*TASK TO COMPLETE*. The lines to transcribe run from the top of the material below to the line with "出発の日は雨模様。でも雲の上は気持ち良いくらい", inclusive. Leave the pictures behind.

*EXERCISE DATA*.
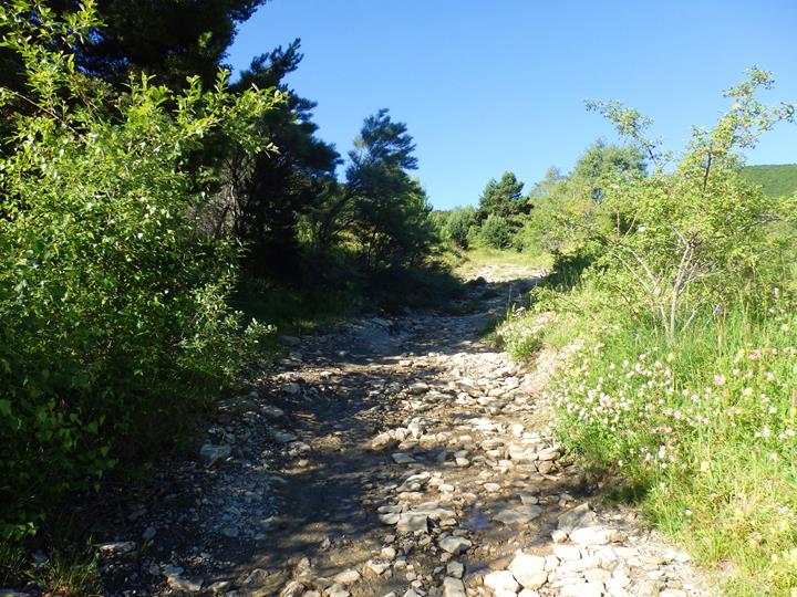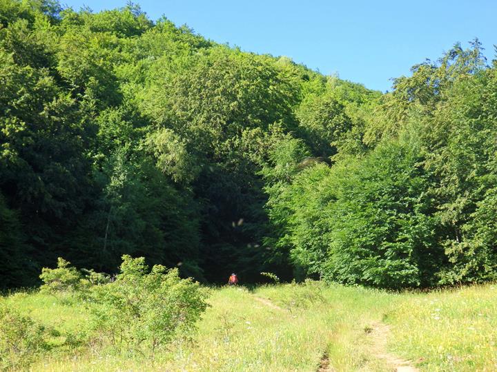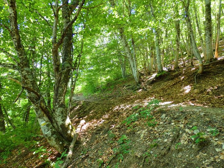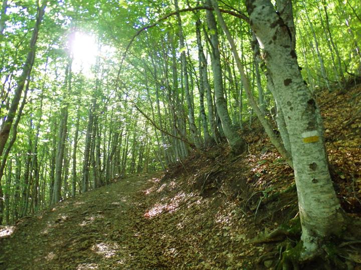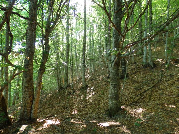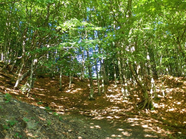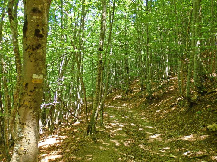 Al principio es como penetrar en un túnel, no da el sol y está todo muy sombrío, además se nota el descenso de temperatura.Es un bonito bosque de hayas. La pista, bastante ancha va siempre en ascenso. Las marcas del PR están pintadas en algunos troncos, no hay pérdida.
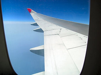 出発の日は雨模様。でも雲の上は気持ち良いくらい
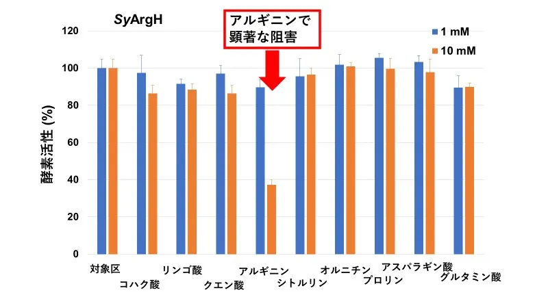 本研究グループは、組換えSyArgHタンパク質を大腸菌で発現させて精製し、その性質を評価しました。その結果、SyArgHは、45℃、pH 8.5の条件で最も高い活性を示しました。また、クエン酸回路やアルギニン生合成系にかかわる物質を添加して、酵素活性を測定しました。その結果、10 mMのアルギニンを添加することによって、37%まで酵素活性が低下することが分かりました(図1)。また、それ以外の物質を10 mMの濃度で添加しても顕著な酵素活性の低下は見られませんでした(図1)。
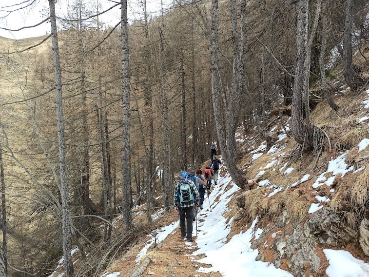 Fra i cinque maschietti ci sono due medici di turno ed un anziano ex istruttore di sci taroccato. Il sole è un po’ velato, in attesa di una lieve perturbazione da ovest che, a fine gita, mi consentirà di accompagnare una badante sotto il mio ombrello per qualche minuto.

*RESPONSE FOR THIS EXERCISE*.
 Al principio es como penetrar en un túnel, no da el sol y está todo muy sombrío, además se nota el descenso de temperatura.Es un bonito bosque de hayas. La pista, bastante ancha va siempre en ascenso. Las marcas del PR están pintadas en algunos troncos, no hay pérdida.
 出発の日は雨模様。でも雲の上は気持ち良いくらい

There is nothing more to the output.